Nas declarações confessionais das igrejas luterana e reformada (tanto holandesas como inglesas) se enfatizam fortemente estes conceitos. Servem como o pulsar do coração da doutrina da justificação e da salvação de forma mais ampla, dentro de toda a Reforma magistral. No entanto, apesar destas semelhanças, a medida que os sistemas luteranos e reformados se desenvolveram, surgiram várias diferenças dentro de suas respectivas doutrinas.

Diferenças

Embora a noção de um dogma central pela qual todas as outras doutrinas derivem, supostamente sendo predestinação para os Reformados e justificação para os luteranos, tenha sido completamente desapontada, a doutrina da justificação certamente desempenha um papel mais fundamental no pensamento luterano do que o Reformado. Isto não significa (como as vezes se alega) que a tradição luterana ignora as outras realidades que operam na salvação, como a justiça inerente da santificação. No entanto, como se realiza está na posição precisa da justificação temporal na ordo salutis. 

Tanto as tradições reformada como a luterana colocam a justificação (subjetiva) após a regeneração e a fé na ordem lógica dos eventos envolvidos na aplicação da redenção. No entanto, a tradição reformada geralmente fala de justificação em tempo passado, como um ato que ocorre no momento da conversão para não mais se repetir, e impossível de se perder. No luterano, porém, a justificação é uma declaração que enquadra toda a extensão da vida cristã coram Deo.  É verdade que se pode falar em tempo passado em que foi justificado (Romanos 5.1), mas esse ato forense não se limita a um evento pontual.
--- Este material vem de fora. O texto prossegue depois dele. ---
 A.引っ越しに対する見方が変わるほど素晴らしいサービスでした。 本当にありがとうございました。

Em vez disso,o veredito da justificação de alguém é declarado e dado em diversas ocasiões. Rev. Franklin Weidner observa o seguinte com respeito aos aspectos da justificação:

(1) É instantâneo; não gradual ou sucessivo, como a iluminação ou a santificação. 
(2) É perfeito. Nossos pecados estão completamente perdoados; não quase, ou apenas metade, ou só um certo número. Eles são perdoados ou não são. 1 Jo 1.7; Rm 8.1; Jo 5.24. 
(3) Garantia. Rm 8.38,39; Ef 3.12; Hb 10.11.
(4) Se renova todos os dias; porque devemos nos arrependermos diariamente de nossos pecados e ser diariamente, continuamente justificados. 
(5) O estado de justificação pode ser perdido. Jo 15.2; Hb 6.5,6; 1 Tm 4.1. 
(6) Mas pode ser recuperado Jo 6.37; Is 1.18; Lc 15.11-32 [1]
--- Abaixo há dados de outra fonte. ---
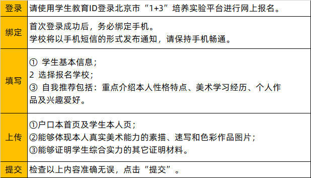 报名工作主要通过北京市“1+3”培养实验平台(https://yjs.bjedu.cn)进行。学生需使用个人教育ID登录该平台,并按照要求填写相关报名信息。在报名过程中,学生需重点介绍自己的性格特点、美术学习经历以及个人作品等,以便学校全面了解学生的综合素质和艺术潜力。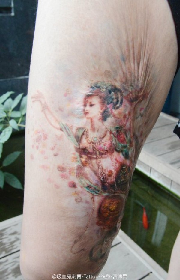 腿部精美的彩绘仙女下凡纹身图案
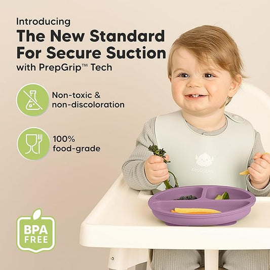 KeaBabies Suction Plates for Baby, Toddler - 3-Pack 100% Silicone Toddler Plates with Suction, Divided, BPA-Free Baby Led Weaning Essentials for Kids, Dishwasher, Microwave Safe, Durable (Amethyst)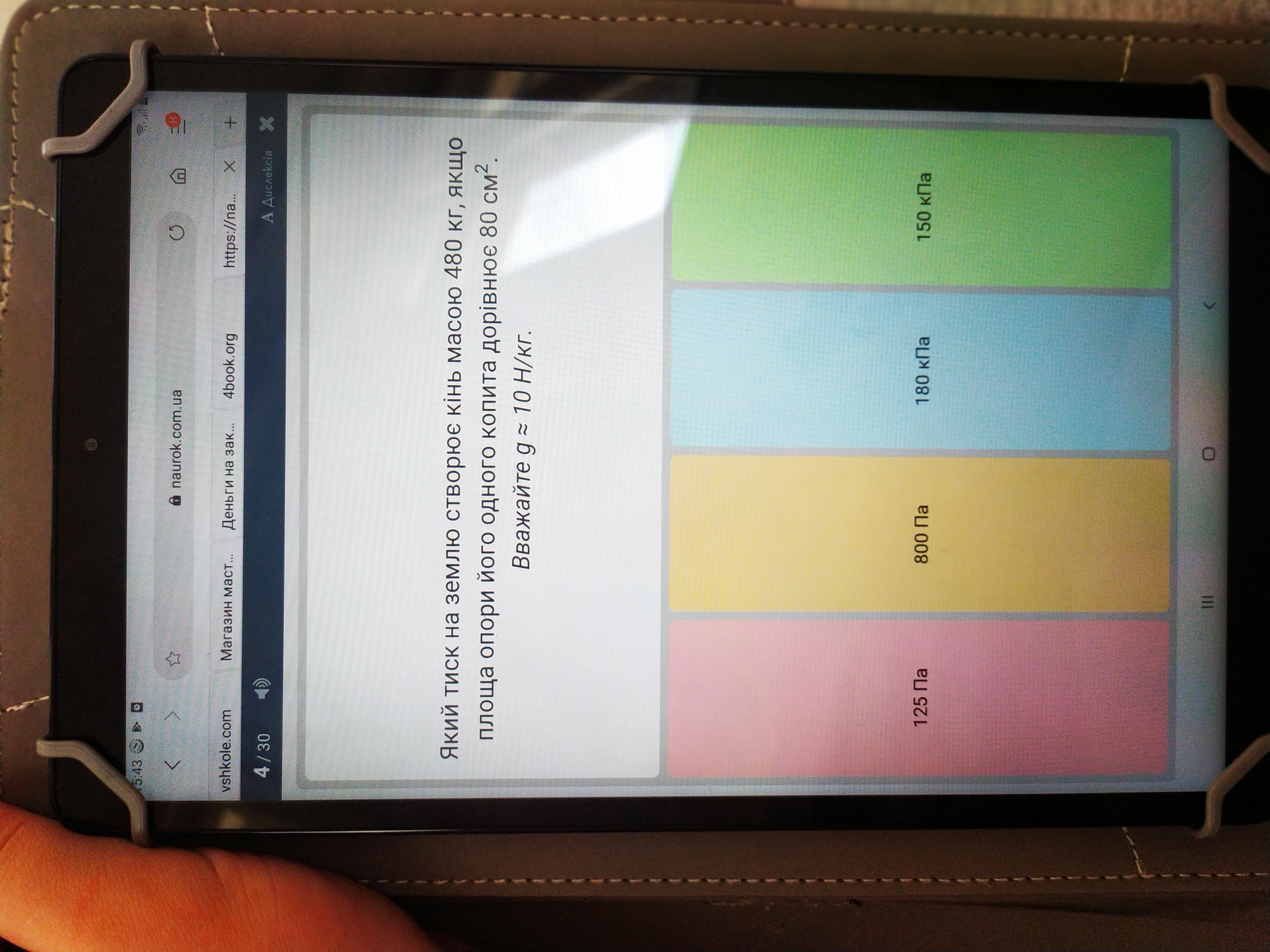 який тиск на землю створює кінь масою 480 кг, якщо площа опори його одного копита дорівнює 80 см2. Вважайте g=10 H/кг
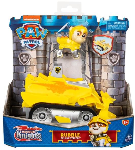 Mancs őrjárat - Rubble és Deluxe buldózer járműve: Paw Patrol hős kutyusai különleges bevetésre indulnak fantasztikus járgányaikon, ahová most te is elkísérheted őklet. Rubble sárga és szürke páncélt visel, járgányát pedig egy narancssárga sárkány díszíti. Az autó bontógolyóval és tolólappal felszerelt, így Rubble a segítségeddel bármilyen akadályt képes elh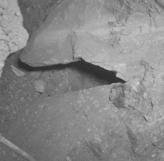 Titel: Text till bilden: "PLM. Betongpelare och golv raserade. 1955.01.28"

Até onde sei, a tradição reformada não tem um precedente para falar de ser "diariamente, continuamente justificado", embora talvez tal ideia apareça em algum lugar que não encontrei. A possibilidade de uma apostasia genuina na tradição luterana também resulta na possibilidade de perder esse veredicto divino, o que é uma impossibilidade no sistema calvinista.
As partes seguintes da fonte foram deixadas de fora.